Do children work in coal mines?
In 1910, an estimated 2 million American children younger than 15 were working in factories and mines for low wages and long shifts. Photographs by Lewis Hine of New York revealed the depraved exploitation of children, some as young as 8 years of age, in fields and in mines. Child labor was finally outlawed in 1938.
A century later, 15-year-olds are digging tunnels in unsafe cobalt mines. Not in the U.S. but out of sight, in the Democratic Republic of Congo, where protective gear is not provided and shifts may run 24 hours or more.
This month, five major companies were named in a federal class-action suit filed by the Washington-based International Rights Advocates (IRA) for “knowingly benefiting from and aiding and abetting the cruel and brutal use of young children.”
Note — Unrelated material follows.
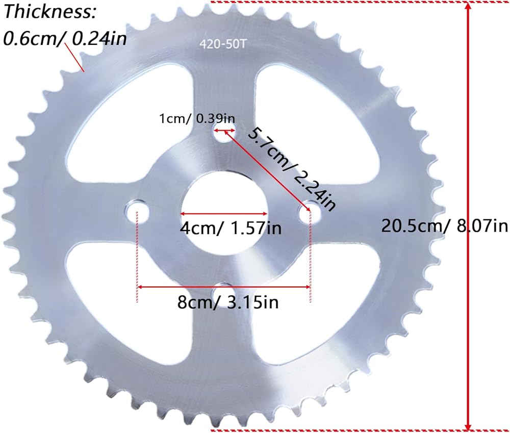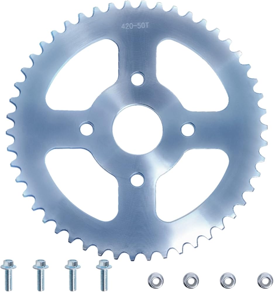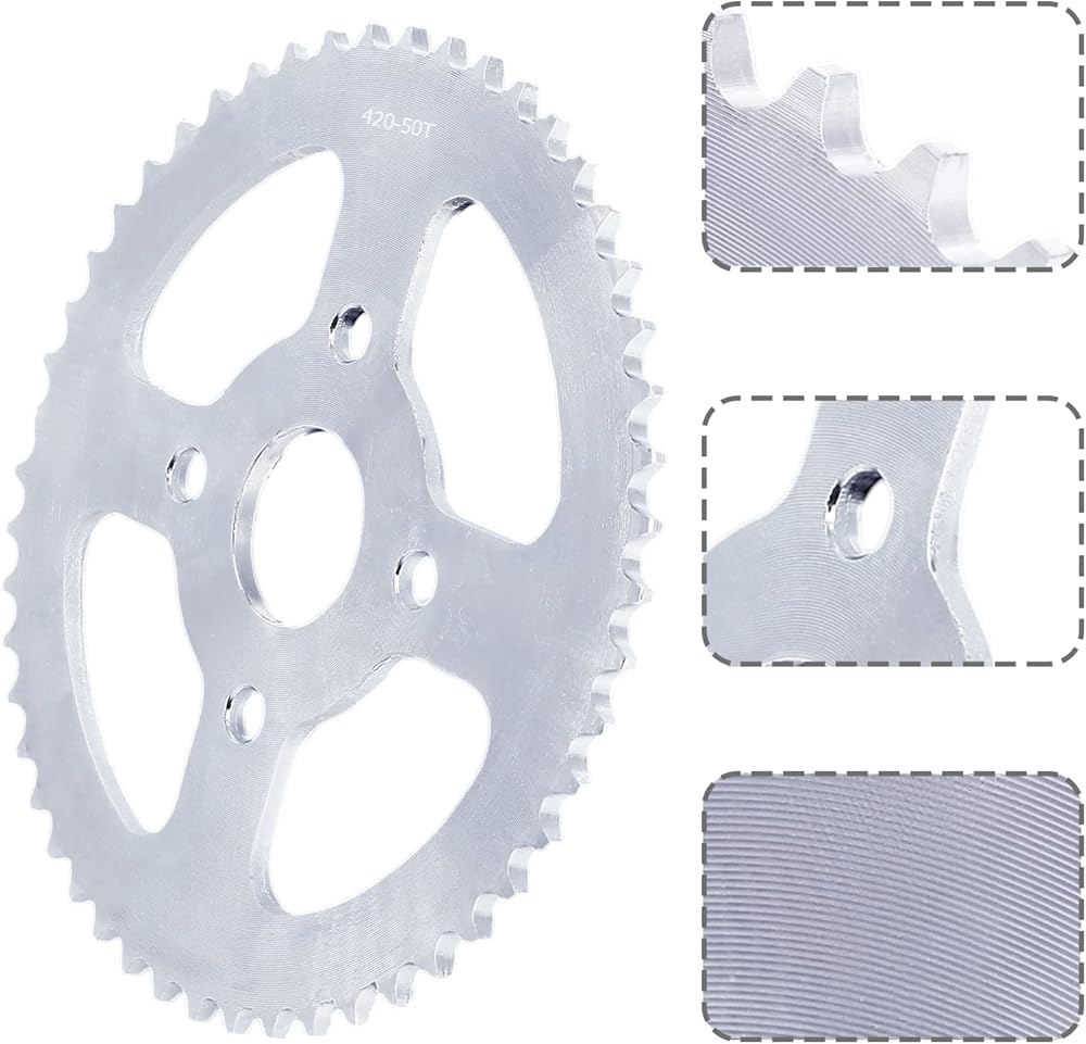 ⚙️【50T Rear Sprocket Cog】This Go Kart Sprocket designed with 50 Tooth, works with 420 Chain for Go Karts, Motorcycle and Mini Bikes.

The companies named are Apple, Alphabet (Google), Dell, Microsoft and Tesla — allegedly part of a chain starting with a U.K. mining company selling cobalt extracted by African youths to a Brussels-based trader who then sold battery-grade cobalt to the five major tech companies.
A major Chinese cobalt firm was also named in the suit.
The claim was filed on behalf of 14 anonymous plaintiffs who are either guardians of children killed in tunnel or wall collapses or children maimed in such accidents.
In court documents seen by The Guardian newspaper, the Congolese families describe how their children were driven by extreme poverty to seek work at large mining sites where they worked 12-hour days, some for just $2 a day, digging and hauling sacks of cobalt-rich rocks.
The DRC has the world’s largest deposits of cobalt, an essential element of rechargeable lithium-ion batteries used to power smartphones, laptops and electric cars. “Put simply, the hundreds of billions of dollars generated by the defendants each year would not be possible without cobalt mined in the DRC,” the legal complaint says.
Lauren Lee, a spokeswoman for Dell, told Fortune magazine this week that the company was investigating the allegations in the lawsuit. “We have never knowingly sourced operations using any form of involuntary labor, fraudulent recruiting practices, or child labor,” Lee said in an email. “We work with suppliers to manage their sourcing programs responsibly.”
But IRA took issue with tech company claims: “Rather than step up to help these children with a negligible portion of their vast wealth and power, these companies do nothing but continue to benefit from cheap cobalt mined by kids robbed of their childhoods, their health, and for far too many, their lives.”
Said Terry Collingsworth, lead counsel for the child victims, “We will do everything possible to get justice quickly for the children we represent.”